Twee voorbeelden voor de praktijk: één situatie waarin de waarschuwing aan te merken is als besluit (en waartegen je dus tijdig rechtsmiddelen dient aan te wenden) en één situatie waarin dat niet het geval is:

  1. Artikel 17b van de Wet Arbeid Vreemdelingen vereist dat de Minister van Sociale Zaken en Werkgelegenheid een waarschuwing afgeeft alvorens de werkzaamheden van de overtreder voor ten hoogste drie maanden stil te kunnen leggen of de aanvang van de werkzaamheden tegen te kunnen houden. Aangezien afgifte van de waarschuwing hier een toepassingsvoorwaarde is voor de handhavingsbevoegdheid, is de waarschuwing een besluit.
  2. De Nederlandse Voedsel- en Warenautoriteit heeft algemene en specifieke beleidsregels afgegeven die inzicht bieden in de wijze waarop zij haar bevoegdheden uitoefent. In de beleidsregels voor de attractie- en speeltoestellen, bijvoorbeeld, komt naar voren dat voor een bepaald soort overtreding - een zogenoemde klasse C-overtreding - eerst een waarschuwing wordt afgegeven voordat handhavend wordt opgetreden. De Warenwet en artikel 3a van het Warenwetbesluit zwijgen over de afgifte van waarschuwingen waardoor er geen sprake is van een vereiste wettelijke grondslag. Een waarschuwing op grond van deze beleidsregels kan aldus niet gezien worden als een besluit in de zin van artikel 1:3 Awb.

Uitspraak niet onverwacht

Het is goed om te onthouden dat de hoofdregel (én praktijk) blijft dat een waarschuwing slechts een feitelijke (toezichts)handeling is: slechts een briefje waarbij wordt geconstateerd dat de toezichthouder van mening is dat er een overtreding plaatsvindt en waarschuwt dat als binnen een bepaalde tijdspanne de overtreding niet wordt verholpen handhaving kan volgen.

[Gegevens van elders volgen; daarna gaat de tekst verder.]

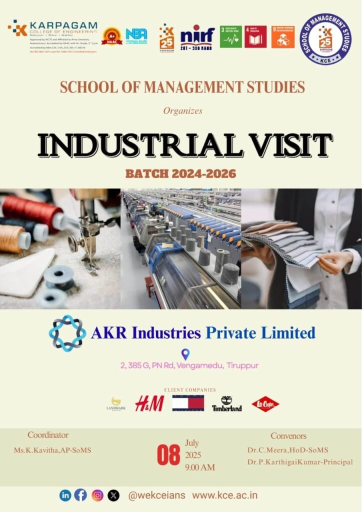School of Management Studies, Karpagam College of Engineering, CoimbatoreAn industrial visit to AKR INDUSTRIES PVT. LTD., Tirupur, was successfully organized by the School of Management Studies, Karpagam College of Engineering on Tuesday, 08th July 2025. A total of 42 students, accompanied by two faculty members — Mrs. K. Kavitha and Mrs. Gayathri N. — participated in the visit […]
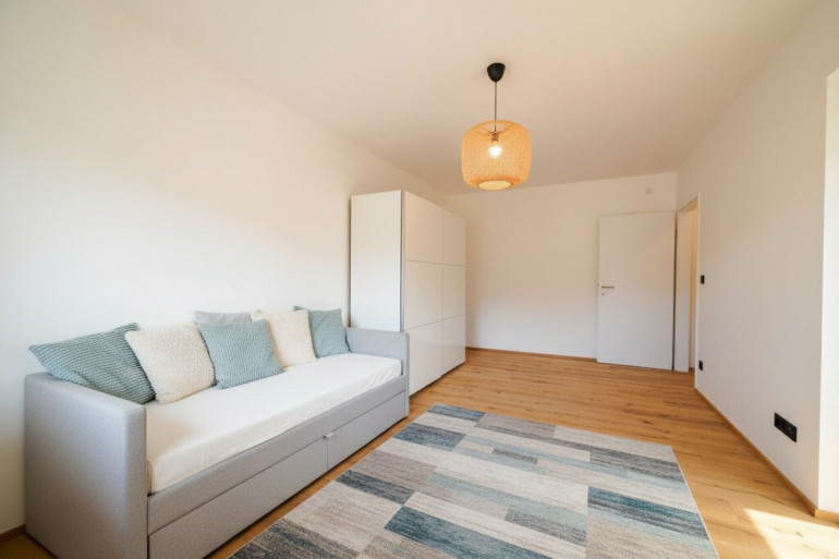 - Böden: hochwertiger Echtholzparkett (Eiche) sowie Fliesen im Badezimmer
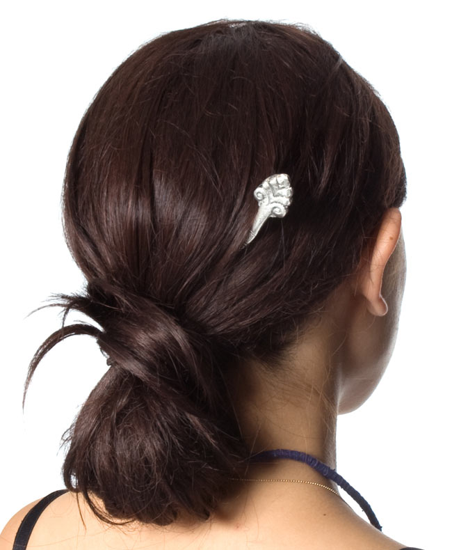 ガネーシャの金属かんざしを頂戴いたしました。長さも丁度良く、耐久性にも優れています。私はこれ一本でシニョンもしくは夜会巻きを作っています。朝出勤時より夜自宅に帰るまで刺し変えることもなく、しっかりと固定できます。気に入って2本目も頂戴致しました。有難うございました。今後も利用させていただきます。
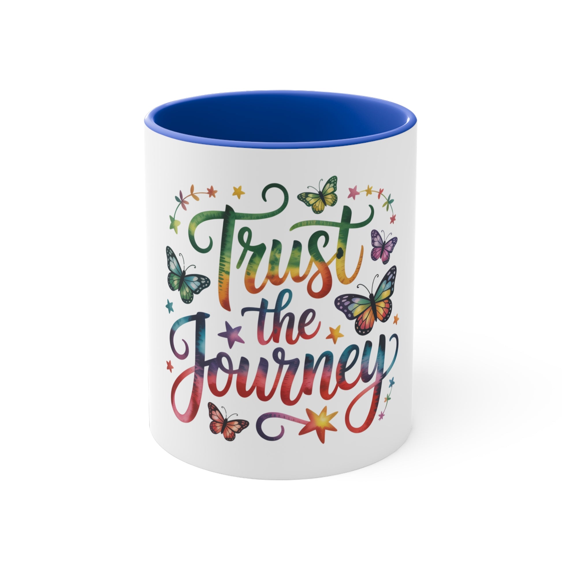Trust the Journey Accent Mug — Motivational Butterfly Coffee Cup (11oz)
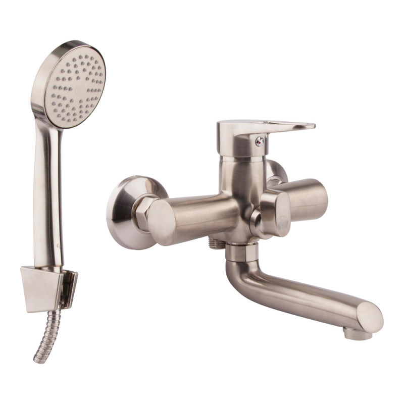 Смеситель для ванны GF (NKS)/S-02-005BN выполнен из качественного материала с держателем ручного душа, душевым шлангом и лейкой. Для включения потока воды предусмотрено удобный рычаг с отверстием и нанесенной маркировкой Х+Г воды, для переключения на душ - поворотный дивертор в виде рычага. Настенный монтаж осуществляется с помощью крепежных деталей, которые входят в комплект. Круглые розетки скроют все погрешности установки.
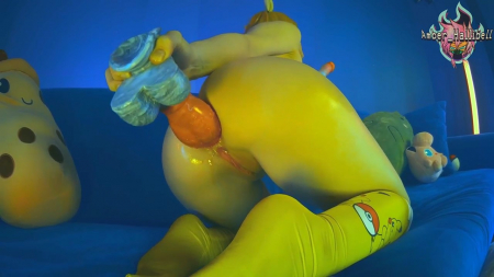 Эш нашел обычный покебол и, уронив его на пол, отпрянул назад - перед ним появился супер сексуальный покемон Пикачу в виде сексуальной грудастой девушки, которая явно что-то хотела показать. Откуда ни возьмись у нее в руках очутился большой фаллоимитатор, с трудом засунутый в задницу. Горячая желтая красотка очень возбуждена, поэтому даже через боль начала мастурбировать задницу, попрыгав на игрушке и сверху. Когда пришла пора заканчивать эротичное шоу, девка надрочила искусственной малафьи себе в ротик, хотя уже и весь живот был в липкой густой жидкости.
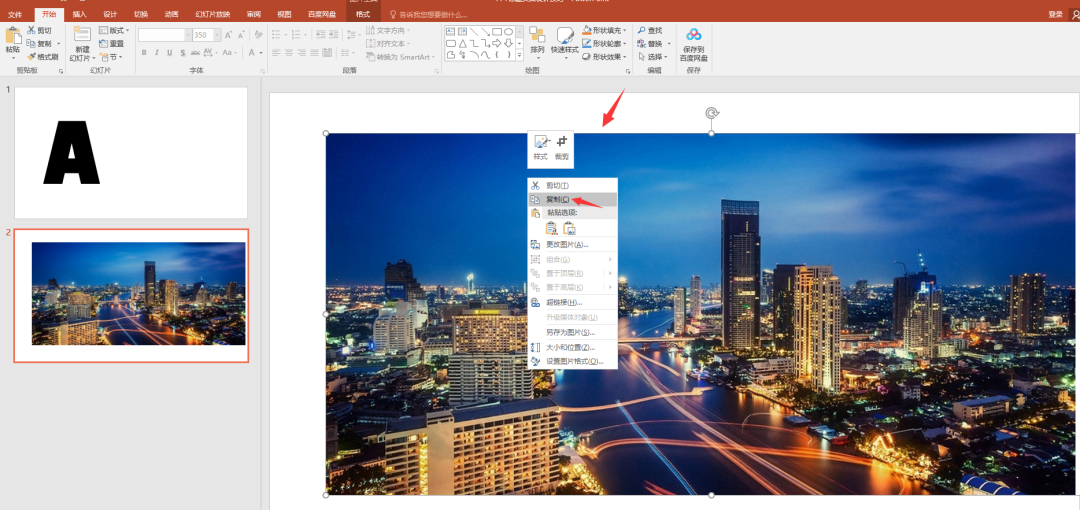 メ我们插入图片的背景图片,点选图片,右键复制。メ
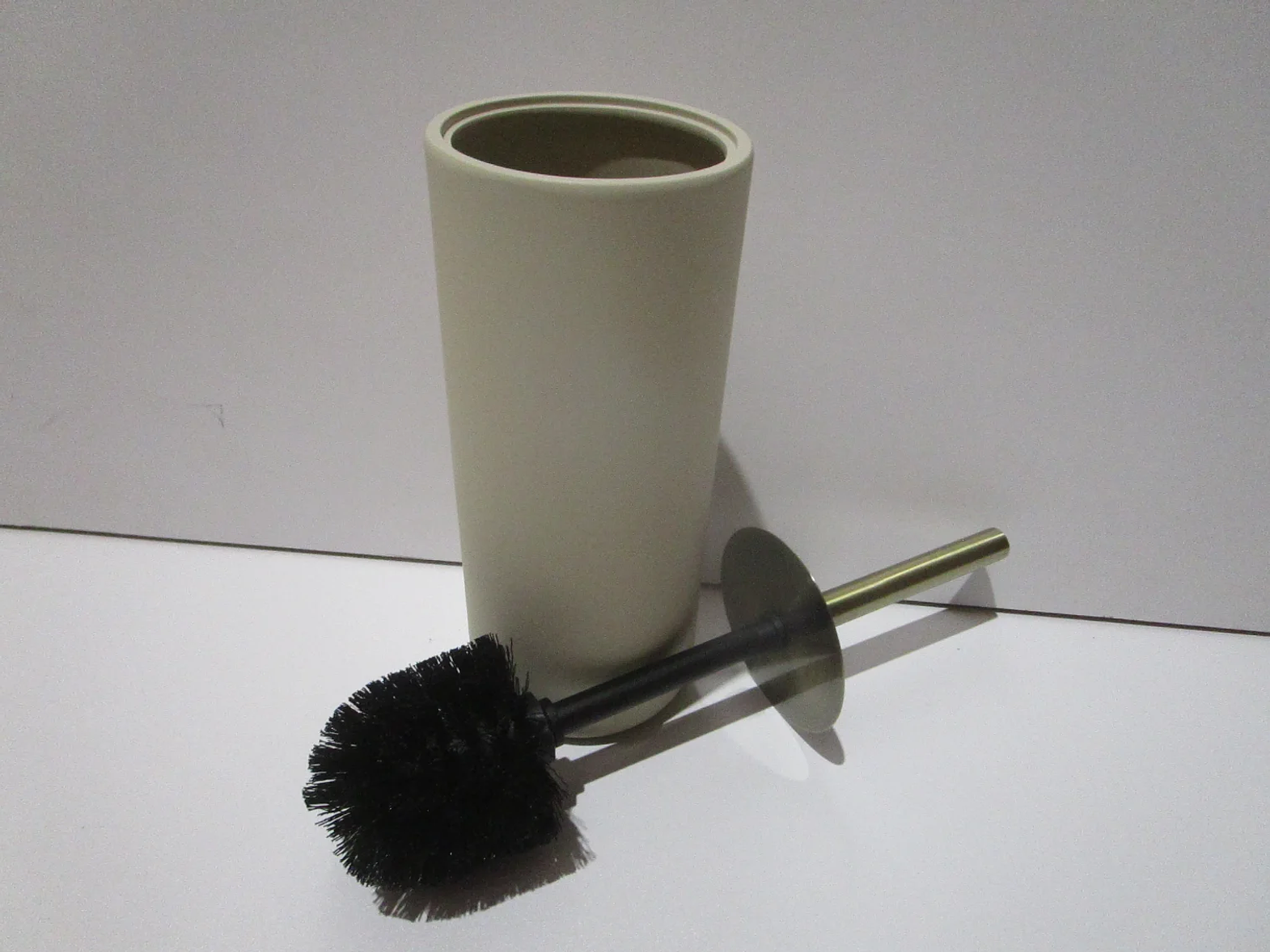 A stylish ivory-tone toilet brush and holder set in a “duo” version designed for bathroom accessory use.
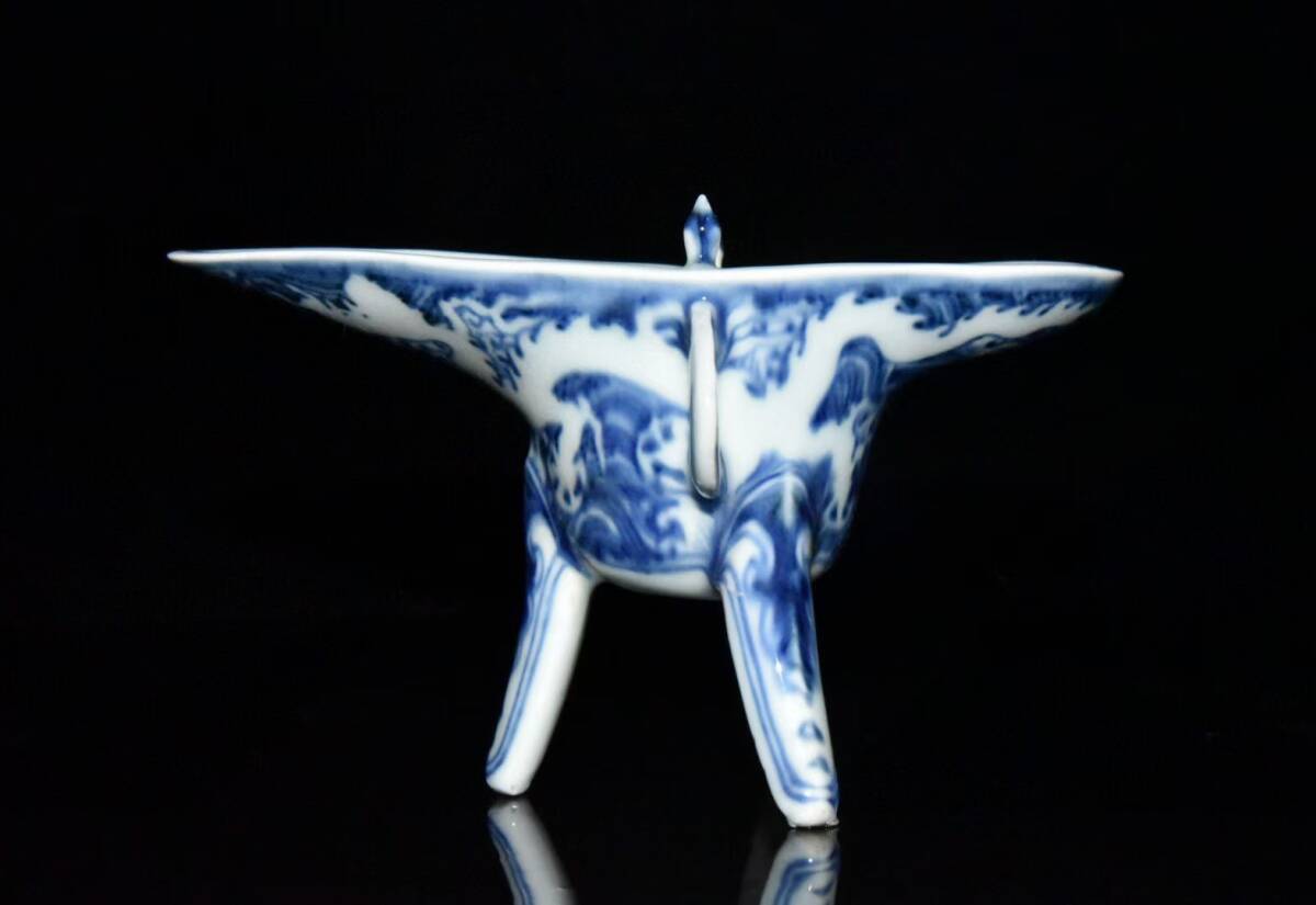 - 『館蔵珍品 明 宣德年製款 古陶瓷品 青花 海水龍紋 爵杯 陶藝』稀少珍蔵品 古賞物 貴重物品 収蔵品 中国古美術 時代物 古董品
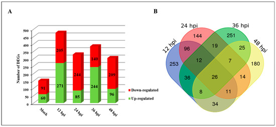 Differentially expressed genes retrieved from CBB23 compared to JG30 at different time of intervals. (A) Overall, 1645 DEGs were perceived in CBB23 compared to JG30 at different time of intervals after PXO99A infection; (B) Venn diagram illustrating the differentially expressed genes at 4 different times of interval after PXO99A infection in CBB23 compared with JG30. A set of 476, 329, 384, and 305 DEGs were identified at 12 hpi, 24 hpi, 36 hpi, and 48 hpi, respectively.
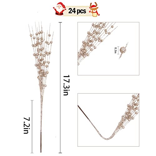 как выглядит 24 PCS Artificial Glitter Holly Berry Stem Ornaments Berry Picks Champagne фото
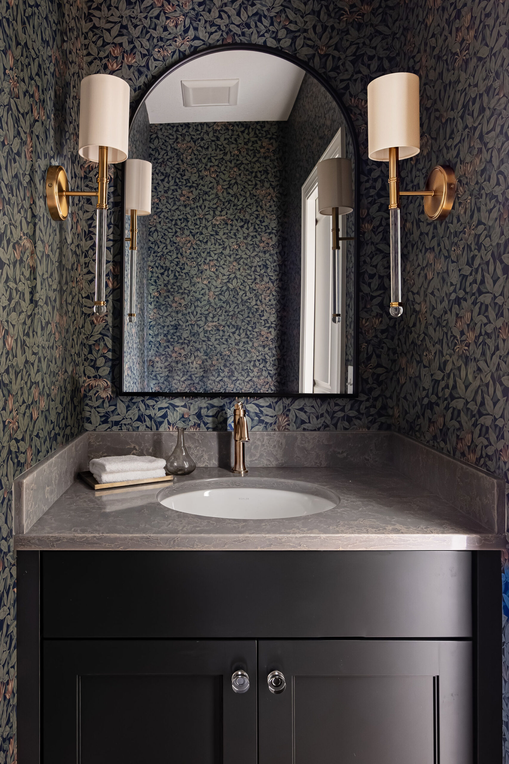 Whether you go with a moody paint color or statement wallpaper, the powder bath is the perfect place to take a design risk. Small spaces can handle big personality — so don’t be afraid to go bold! Wallpaper the whole room for drama, or just one accent wall if you want a lighter touch.
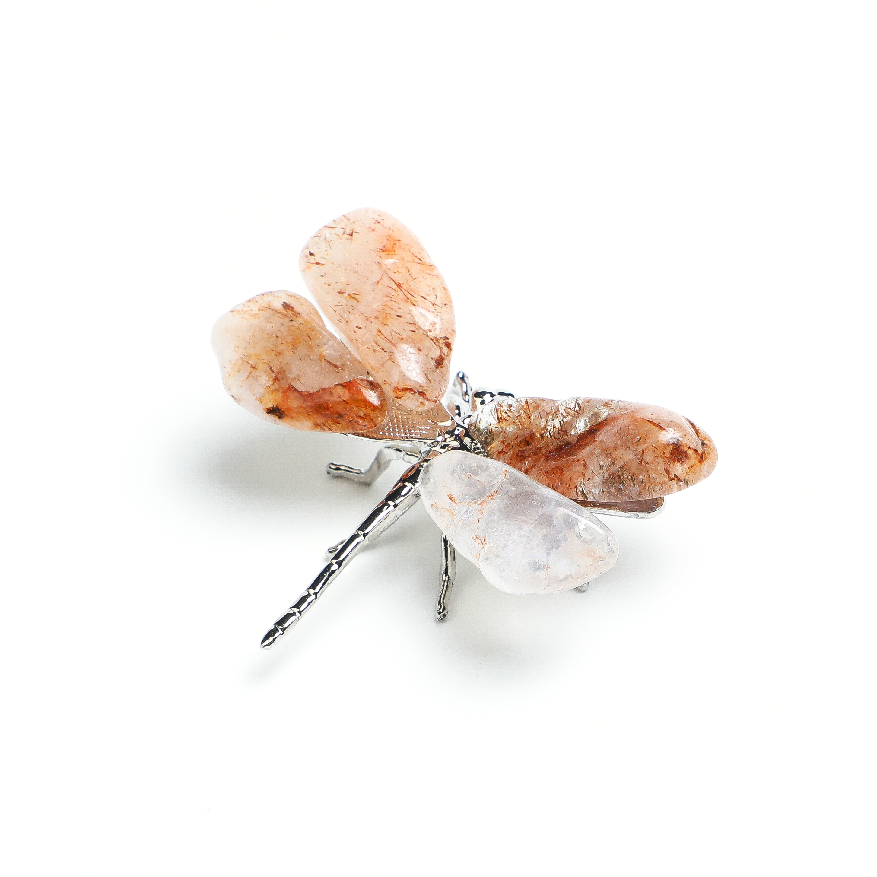 This unique piece uses natural slices of Mozambican red phantom quartz for the dragonfly's wings. Each wing preserves original crystal contours and internal phantoms, displaying uncut natural formations. The body utilizes material from the same cluster, set on a raw bedrock base. Red inclusions naturally distribute within the wings, creating distinctive artistic effects. In mineral art领域, such works emphasize respect and presentation of natural forms. Suitable for art galleries and private collections, it showcases the raw beauty of natural minerals.
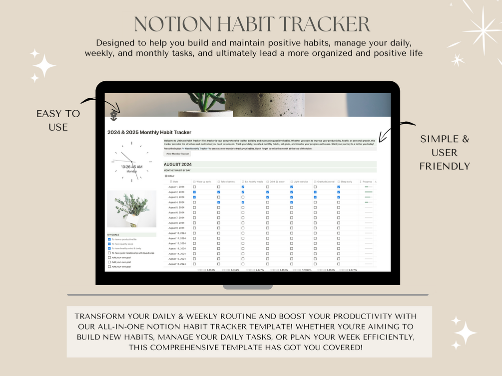 Achieve your goals and cultivate positive habits with our Notion Monthly Habit Tracker template! Perfect for anyone looking to enhance their productivity and maintain an organized lifestyle, this comprehensive template covers daily, weekly, and monthly routines.
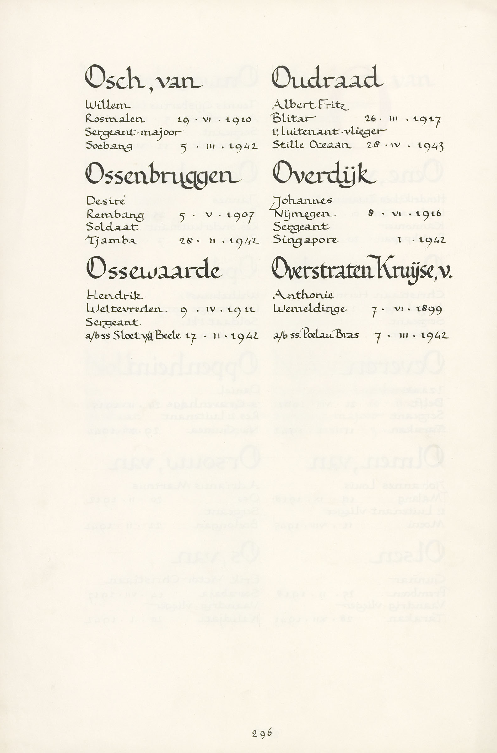 Willem van Osch Geboortedatum: 19-06-1910 Geboorteplaats: Rosmalen Datum van overlijden: 05-03-1942 Plaats van overlijden: Soebang (Java) Beroep: Sergeant-majoor Groep: Koninklijk Nederlands-Indisch Leger en Indisch Verzet Pagina: 296 Reactie toevoegen JavaScript moet ingeschakeld zijn om dit formulier te kunnen gebruiken. Comment Over tekstopmaak Platte tekst Geen HTML toegestaan. Regels en alinea's worden automatisch gesplitst. Web- en e-mailadressen worden automatisch naar links omgezet. Laat dit veld leeg blader download Permalink
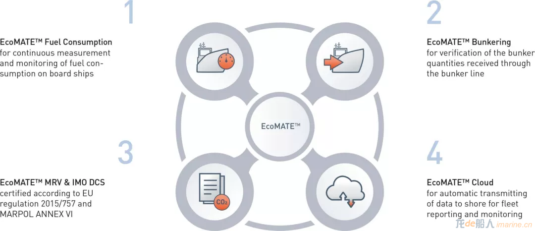 EcoMATE™符合欧盟关于监测,报告和验证二氧化碳排放的海上运输法规2015/757(EU MRV),以及全球国际海事组织的船舶燃油消耗数据收集系统(IMO DCS),两者皆旨在减少航运产生的温室气体排放。 欧盟MRV规则MRV代表Monitoring, Reporting and Verification,即监测、报告和验证。欧盟针对航运业温室气体排放的MRV法规已于2015年7月1日生效,所有大于5000总吨、靠泊欧盟港口的船舶都需要满足MRV法规的要求- 即必须于2017年8月31日之前准备一份二氧化碳排放的监测计划提交给第三方认可机构如DNV GL验证并上报欧盟相关机构。自2018年1月1日起至12月31日止是船舶排放二氧化碳数据收集的第一个报告期。该报告经由第三方认可机构如DNV GL验证以后需于2019年4月30日之前上报欧盟,欧盟将于2019年6月30日发布排放报告。 EcoMATE™包括四个模块:燃油消耗监测,燃油加注验证,EU MRV和IMO DCS排放报告以及云模块。燃油消耗模块用于连续测量和监测船上消耗的所有类型的燃油。系统从安装在发动机的供油和回油管线中的(科里奥利质量)流量计上读取数据,该数据显示并保存在控制室内,系统可以用该数据来监测燃油的当前和总使用量,比如可以用来验证能效。
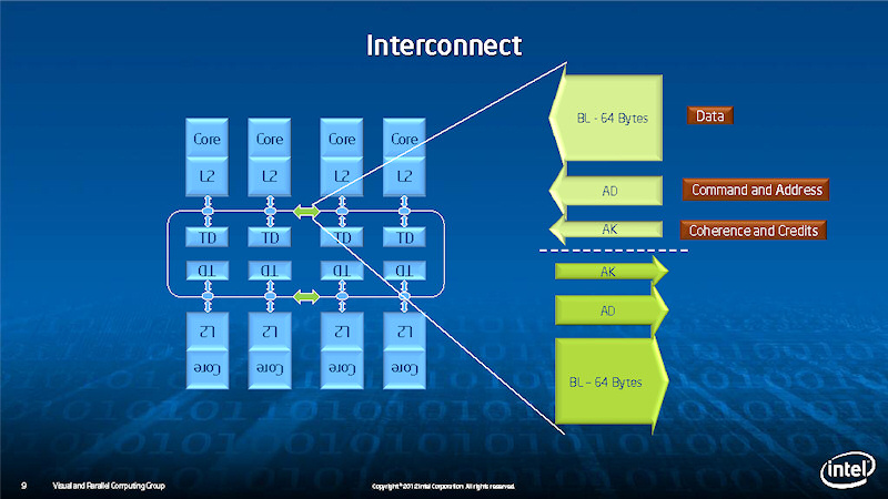 Knights Corner의 62개의 CPU 코어와 각 I / O 장치는 링 버스로 연결되어 있다. 링 버스에 CPU 코어와 L2 캐시 쌍과 GDDR5 메모리 컨트롤러, PCI Express 버스가 연결되어 있다.링은 양방향 단방향 독립된 3가지 형태가 있다.
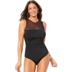 Meet the one piece you’ll want to live in all summer long! The Mesh High Neck One Piece gives you comfort, coverage and style all in one, with its high mesh neckline and expert design details. Built-in shelf bra gives you all-day bust support and Power Mesh front and back lining provides smooth shaping.
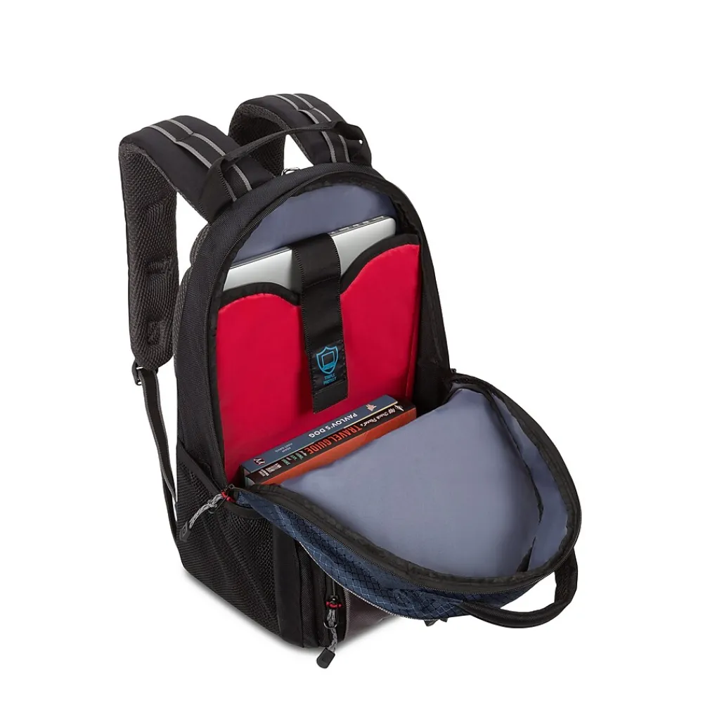 The SWISSGEAR Wenger Cobalt Laptop Backpack fuses intelligent design with a sporty vibe. The Triple Protect padded compartment stores up to a 16” laptop, and the quick pocket provides easy access to your daily essentials. Designed for an urban adventure, the Cobalt backpack is lightweight, full of storage pockets.
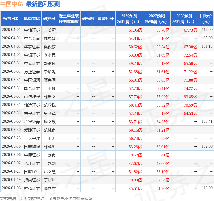 最新盈利预测明细如下:

Een andere uitkomst is ook moeilijk denkbaar omdat je dan te maken zou kunnen krijgen met gekunstelde constructies van gepretendeerde bevoegdheden, of andere lastige situaties omdat de toezichthouder - die feitelijk meestal de waarschuwing uitschrijft - geen bestuursorgaan is of niet de bevoegdheid heeft besluiten te nemen.

Ook het onderscheid tussen de - harde - wettelijke grondslag en de - softere - grondslag van de beleidsregels lijkt verstandig. Een als besluit gekwalificeerde waarschuwing heeft immers rechtsgevolg. Het zou onwenselijk zijn om het aan de discretionaire bevoegdheid van de betreffende overheid over te laten of bepaalde waarschuwingen al dan niet gezien worden als besluit in de zin van de Awb - en dus of daartegen bestuursrechtelijke bescherming tegen openstaat. Dergelijke keuzes dienen overgelaten te worden aan de wetgever.